» **Directions for this task**
Return exactly the lines of the entries that start at the line containing "Além disso, essa" and continue to the last line. Omit the pictures.

» **Data to examine**
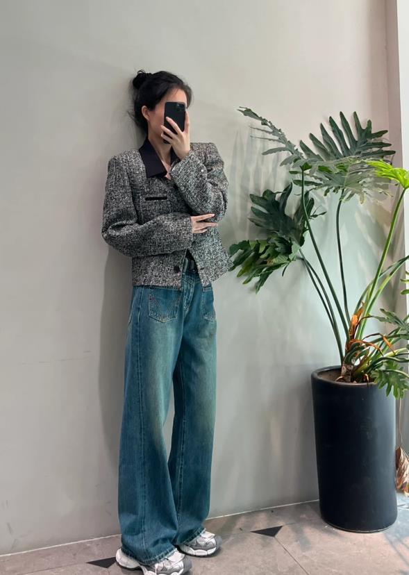 輕熟小香風穿搭,看起來就很顯氣質呢,短款的小香風外套,很適合小個子女生的款式,精緻的小翻領,同樣闊腿牛仔褲搭配一起,舒適又帥氣,利用上短下長的組合,輕鬆優化整個身材比例。
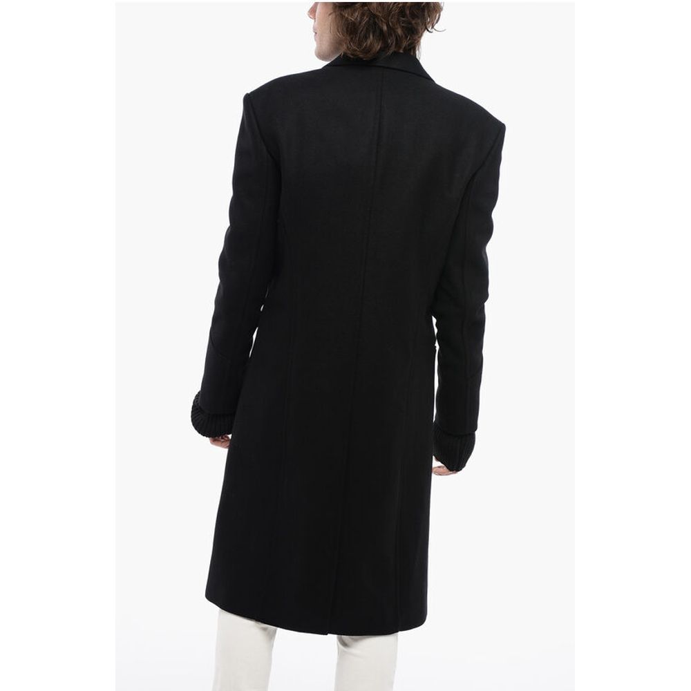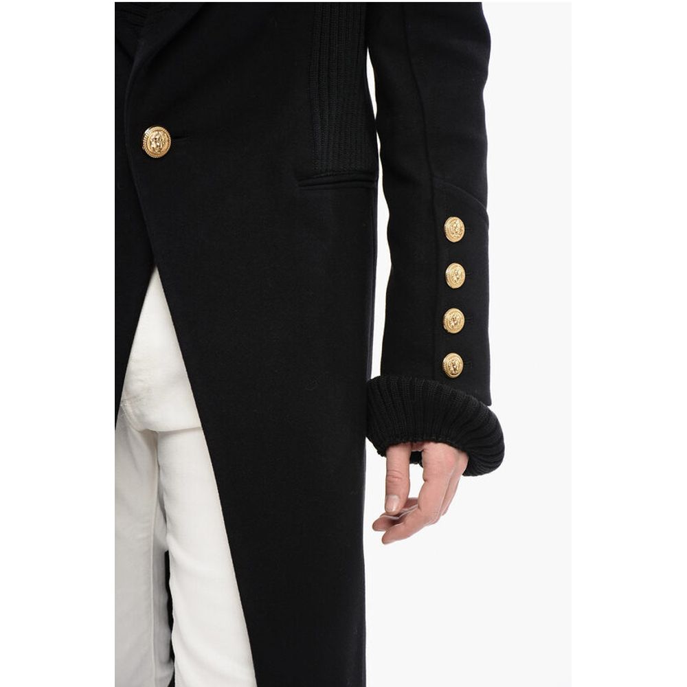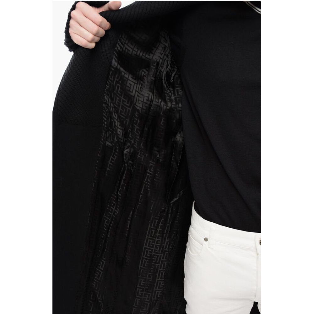 Balmain Virgin Wool Blend Coat with Ribbed Knitted Details
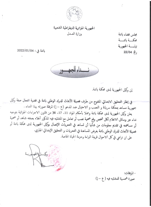 وأكدت التحريات أن منتحل صفة وكيل جمهورية مساعد كان أدعى للإيقاع بضحاياه، بأنه يملك وساطات قوية ونافذة على مستوى المحكمة العليا، كما أن زوجته تعمل قاضيا لدى مجلس قضاء باتنة. وأفضت التحقيقات الأولية التي بدأتها مصالح فصيلة الأبحاث بالتنسيق مع النيابة المحلية، بأن المتورط في النصب والاحتيال كان له عديد الضحايا بهذه الطريقة المخادعة، ليقوم وكيل الجمهورية لدى محكمة باتنة، مساء أول أمس الثلاثاء، طبقا لأحكام المواد، 11 و17 و36 من قانون الإجراءات الجزائية، بإصدار بيان للجمهور مرفوقا بصورة المتهم، موجه للرأي العام للكشف عن قضايا أخرى تورط فيها، وبحثا عن ضحايا أو شهود للمساهمة في استكمال التحقيق الابتدائي المفتتح.
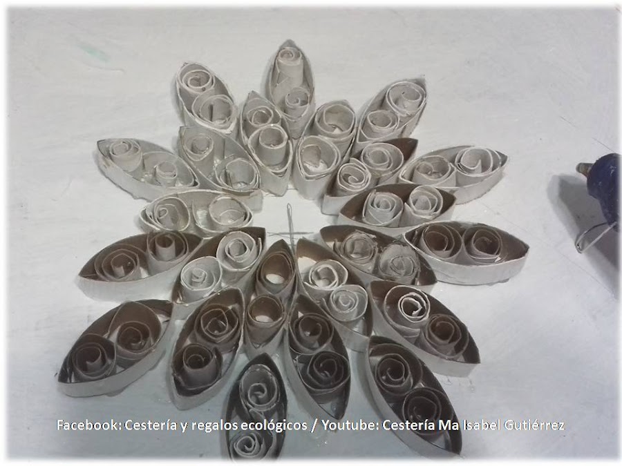 Formamos la flor principal con 10 aros o pétalos, (pegando con silicón) teniendo cuidado que un pequeño extremo de los aros queden pegados por dentro del círculo que delineamos... Los aros que están todos blancos son de un trabajo anterior, por eso se ven diferentes a los primeros...
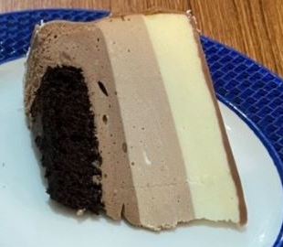 Так само повторюємо для молочного та чорного шоколаду. Кожен шар має повністю загуснути до того, як додаємо наступний. Тому я відразу відправляла його в морозильну камеру, поки готувала новий. В останній шар занурюємо наш бисквіт так, щоб він порівнявся з мусом і не виступав.
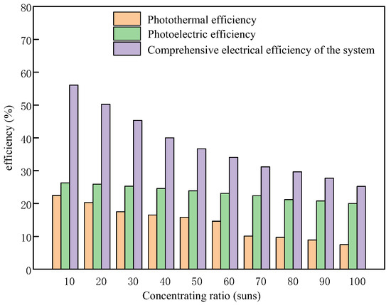 Figure 15 shows that with an increase in concentration ratio, the photoelectric conversion and the photothermal conversion efficiency of the system will decrease. The reason for this is that when the Fresnel lens with a higher concentration ratio is used, the amount of thermal radiation to the PV cell will also increase, which will lead to a decrease in photoelectric conversion efficiency. At the same time, more solar radiation will be absorbed by the nanofluid and will be converted into thermal energy. As the temperature of the nanofluid increases, the heat loss of the nanofluid increases, leading to a decrease in the average thermal efficiency of the system, which, in turn, leads to a corresponding decrease in the overall efficiency. However, the value of the concentration ratio still needs to be considered in conjunction with the actual required thermal fluid temperature (not the lower, the better).
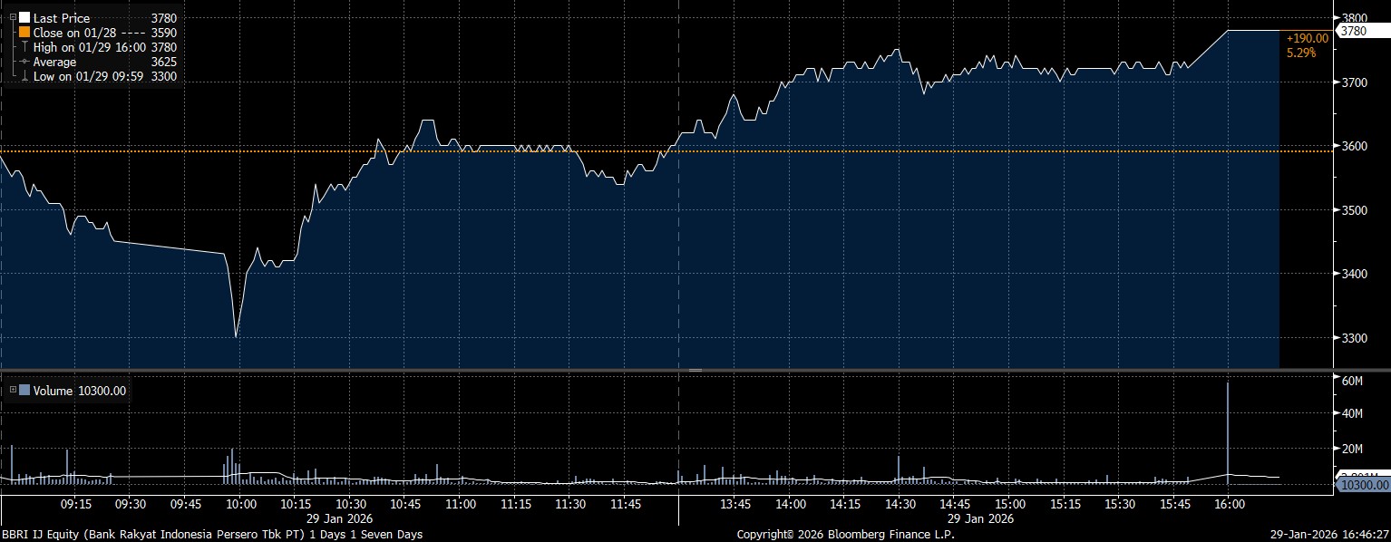 Bloomberg Technoz, Jakarta - Saham PT Bank Rakyat Indonesia Tbk (BBRI) berhasil menguat 190 poin atau melesat 5,29% ke level Rp3.780/saham pada penutupan perdagangan Kamis (29/1/2026).
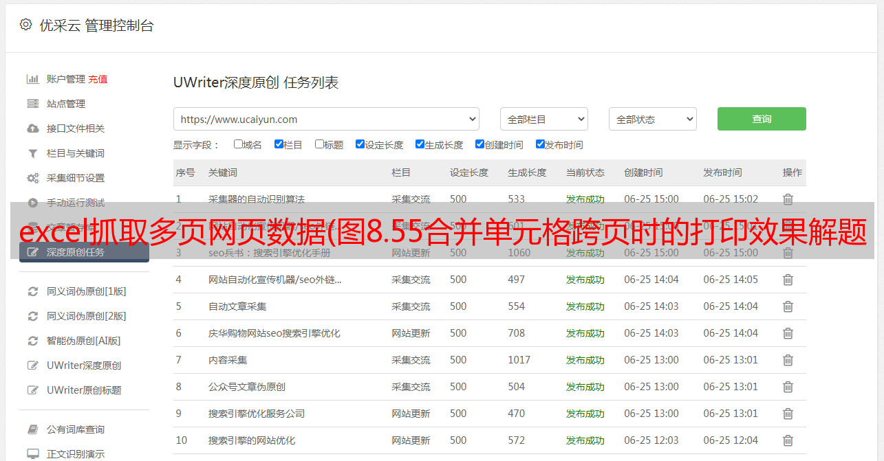 优采云 发布时间: 2021-12-18 15:18excel抓取多页网页数据(图8.55合并单元格跨页时的打印效果解题步骤Excel的内置工具不足以解决)
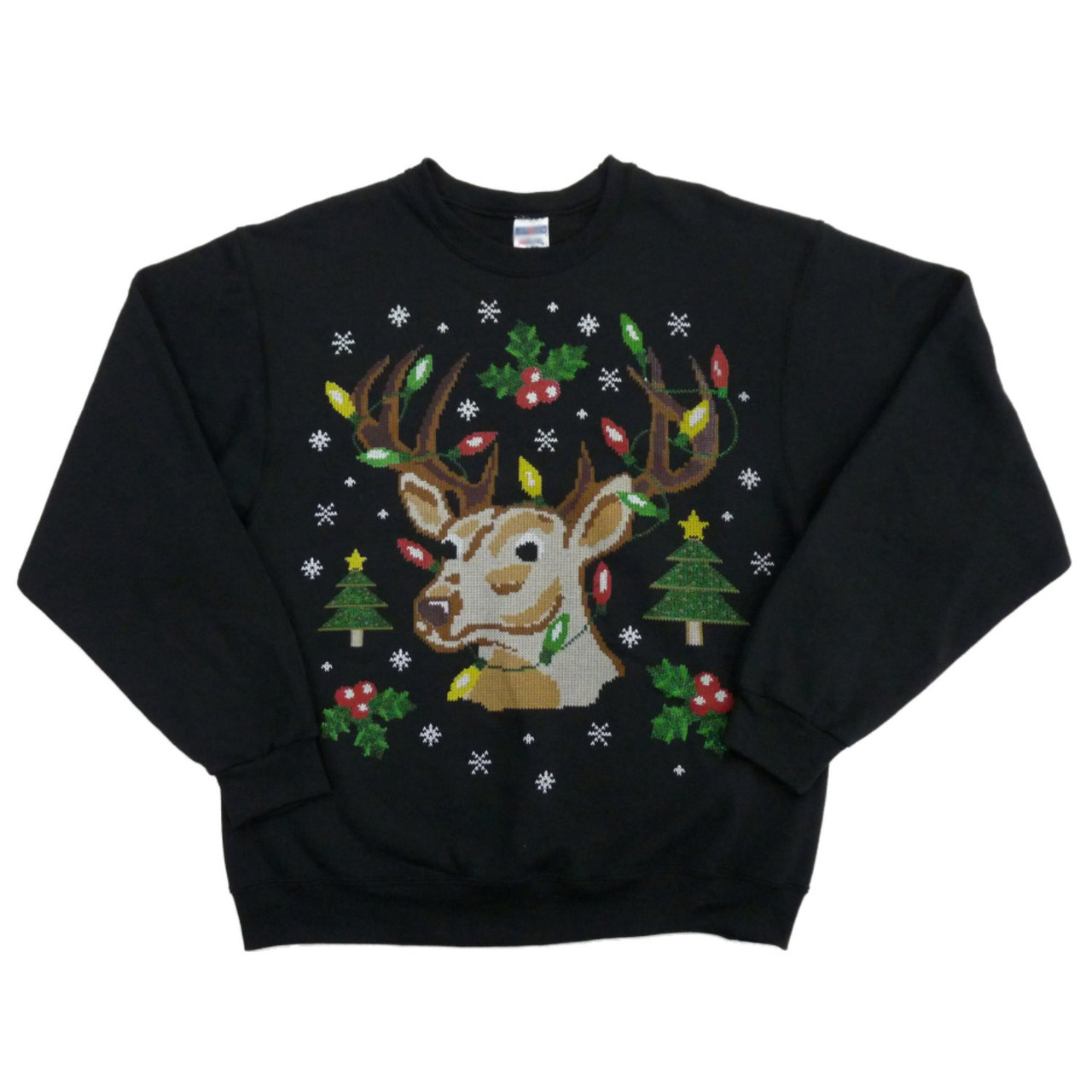 This fun Christmas sweater features a reindeer with Christmas tree's, lights, mistletoe and snowflakes. Perfect for holiday parties!
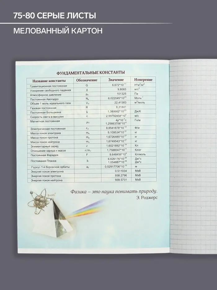 Тетрадь предметная 48 листов в клетку Calligrata «3D. Физика», серые листы
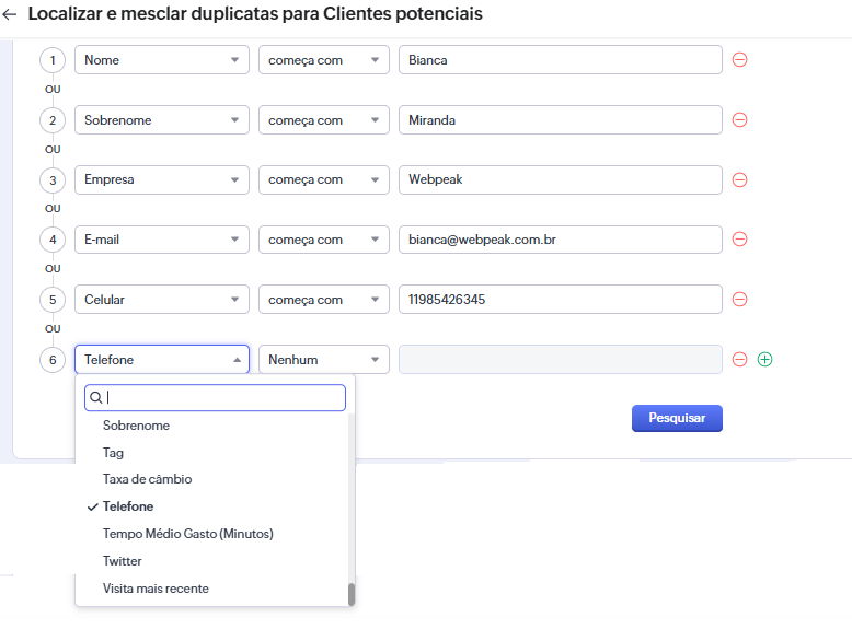 Além disso, essa ferramenta permite definir critérios adicionais para a busca de duplicados. Em cada módulo, é possível configurar até seis campos como parâmetros de pesquisa. Após identificar os registros duplicados, você poderá mesclá-los manualmente.
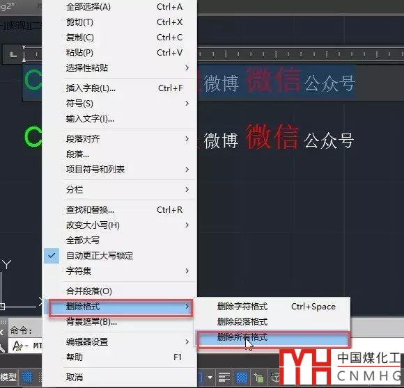 如果已經(jīng)遇到了上述問題后,我們希望多行文字的一行分解成一個(gè)單行文字怎么辦呢?首先我們要保證我們的文字樣式支持中文,然后可以進(jìn)入多行文字,選中所有文字,然后右鍵,選擇“刪除格式”》“刪除所有格式”,如下圖所示。

» **Task result**
 Além disso, essa ferramenta permite definir critérios adicionais para a busca de duplicados. Em cada módulo, é possível configurar até seis campos como parâmetros de pesquisa. Após identificar os registros duplicados, você poderá mesclá-los manualmente.
 如果已經(jīng)遇到了上述問題后,我們希望多行文字的一行分解成一個(gè)單行文字怎么辦呢?首先我們要保證我們的文字樣式支持中文,然后可以進(jìn)入多行文字,選中所有文字,然后右鍵,選擇“刪除格式”》“刪除所有格式”,如下圖所示。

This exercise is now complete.